* Exercise prompt
Return all the data exactly, keeping the pictures out.

* Source material
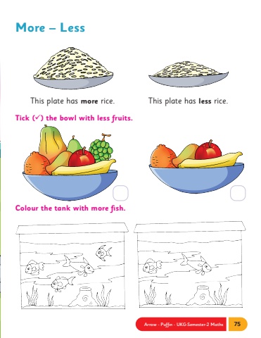 Arrow - Puffin - UKG-Semester-2 Maths 75More %u2013 LessColour the tank with more fish.Tick (%u00fc) the bowl with less fruits. This plate has more rice.This plate has less rice.
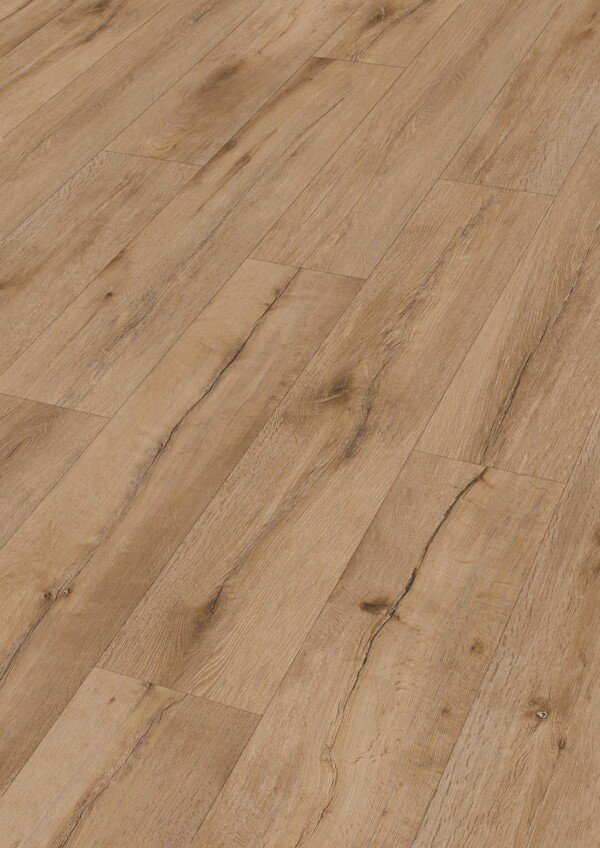 La decoración Wild Oak destaca por su estética intensa y moderna, con una tonalidad oscura de base gris que aporta profundidad y un aire sofisticado a los espacios. La superficie con estructura softwood refuerza el tacto natural y el aspecto auténtico de la madera, mientras que el microbisel a cuatro lados define cada tablón y aporta un relieve visual marcado. El formato de tablón corto facilita la instalación y ofrece gran versatilidad en el diseño de interiores.
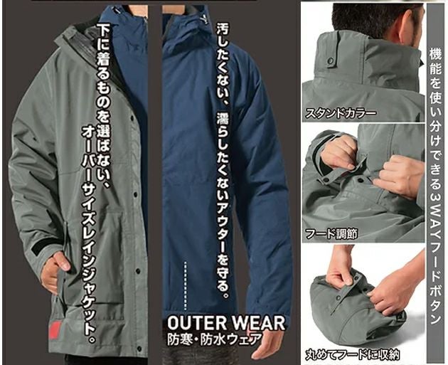 | 【特徴】 | 構わず、汚せ。 高撥水加工で汚れが付きにくい! イージーケアで出番を増やせ! 汚したくない、濡らしたくないアウターを守る! オーバーサイズのレインジャケットだから下に着るものを選ばない! ◆抜群の耐水圧10,000mmでしっかり防水! ◆縫い目の裏側は防水シームテープ加工で水の侵入を防ぐ! ◆フードは丸めて衿部分に収納可能 ◆さらにフード部分にジャケット本体を丸めて収納することも可能! ◆オーバーサイズフード ◆蛍光反射プリント ◆バタつきを抑えるウエスト調節コード |

* Answer box
 Arrow - Puffin - UKG-Semester-2 Maths 75More %u2013 LessColour the tank with more fish.Tick (%u00fc) the bowl with less fruits. This plate has more rice.This plate has less rice.
 La decoración Wild Oak destaca por su estética intensa y moderna, con una tonalidad oscura de base gris que aporta profundidad y un aire sofisticado a los espacios. La superficie con estructura softwood refuerza el tacto natural y el aspecto auténtico de la madera, mientras que el microbisel a cuatro lados define cada tablón y aporta un relieve visual marcado. El formato de tablón corto facilita la instalación y ofrece gran versatilidad en el diseño de interiores.
 | 【特徴】 | 構わず、汚せ。 高撥水加工で汚れが付きにくい! イージーケアで出番を増やせ! 汚したくない、濡らしたくないアウターを守る! オーバーサイズのレインジャケットだから下に着るものを選ばない! ◆抜群の耐水圧10,000mmでしっかり防水! ◆縫い目の裏側は防水シームテープ加工で水の侵入を防ぐ! ◆フードは丸めて衿部分に収納可能 ◆さらにフード部分にジャケット本体を丸めて収納することも可能! ◆オーバーサイズフード ◆蛍光反射プリント ◆バタつきを抑えるウエスト調節コード |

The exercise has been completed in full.